Lending apps are gradually replacing traditional loan agencies or credit unions. Today, traditional lending institutions struggle to keep up with the convenience and transparent processes of these apps. Moreover, these applications and online lenders accept applicants regardless of their credit history.

However, identifying trustworthy installment loan applications can be difficult. There are many lending companies in this industry, and while some offer good service, others are opportunistic and deceptive.

Accordingly, we have listed the top three installment loan apps that can help you get started on the right foot. Let’s dive!

The 3 best installment loan apps to get you started

1. Heart Paydays

Heart Payday is a popular loan app in the United States. This site offers all of its loan services online and saves you the hassle of in-store loan applications. You can complete the entire application process in five minutes or less.

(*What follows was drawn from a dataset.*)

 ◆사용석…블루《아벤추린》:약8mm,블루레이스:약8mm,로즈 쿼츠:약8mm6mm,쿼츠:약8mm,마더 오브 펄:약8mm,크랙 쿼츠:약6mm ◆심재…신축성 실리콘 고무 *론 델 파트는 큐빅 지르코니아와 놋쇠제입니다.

They offer various loan services, such as loans for bad credit guaranteed approval $5000which can help you meet your emergency needs.

This application has a user-friendly interface, and practically anyone can easily maneuver it easily. The site is notorious for accepting applicants rejected by other lenders, as its eligibility thresholds are relatively lower than those

in most credit institutions. For example, they accept people with bad credit, the unemployed, and those receiving government benefits.

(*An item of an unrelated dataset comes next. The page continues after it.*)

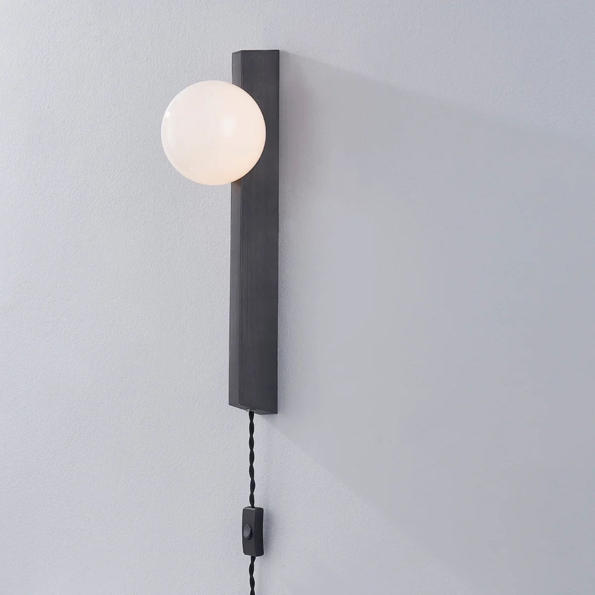 - Sleek Rectangular Design: Slim backplate and opal glass globe create understated modern elegance

Typically, Heart Payday loans come with APRs ranging from 5.99% to 35.99%.

Advantages

  • There is no paperwork involved
  • Same day payment
  • Easy application process

The inconvenients

2. Viva Payday Loans

Another great option for a payout when you’re short on cash is the Viva Payday Loan app. The site offers no-collateral loans within hours of completing your application.

Viva Payday Loan has partnered with direct lenders who can meet your loan needs as quickly as possible. Moreover, these direct lenders offer different loan amounts.

Viva Loans does not perform intensive credit checks when evaluating loan applications, and even people with bad credit scores can get loans with them. Other groups, such as the unemployed and recipients of government support programs, can also apply for Viva Payday loans.

Their payday APRs range from 5.99% to 35.99%. This is mainly because every direct lender they partner with imposes their rates. One of their main drawbacks is that their services are not accessible in all states.

Advantages

  • Same day payments
  • The simple and fast application process
  • Flexible loan amounts from $200 to $5,000

The inconvenients

  • Viva Loan services are not available in all US states

3. Credit Clock

Credit Clock Loan is considered best for quick loan approvals. They offer their customers a range of loan products, such as bad credit payday loans, personal loans, emergency loans, and more.

It is the ideal lender if you are in urgent and urgent need of money fast because their fast loan approval process and fast repayment period can save you time.

They offer loans to people with bad credit and even those who receive government benefits. However, you must meet their minimum requirements; you must be over 18, prove you earn at least $1,000, and be a US citizen. In some cases, you may need to prove that you are employed by submitting your payslip.

Advantages

  • Fast application process
  • Same day payments
  • People with poor credit history are also allowed to apply

the inconvenients

  • Only people earning $1,000 or more can apply for the loans

Conclusion

Knowing that you have a loan option within reach of your phone can be an amazing feeling. We often find ourselves in difficult situations, and going through the process of applying for a loan in store can be time consuming to try to finance an emergency. Therefore, having loan applications can make our lives much easier.

However, it also exposes us to great temptations. Unlike the traditional loan system, where you have time to think before taking out a loan, the new app option gives you the luxury of completing a loan application with just a few clicks. Some people, especially spendthrifts, might end up in cycles of debt.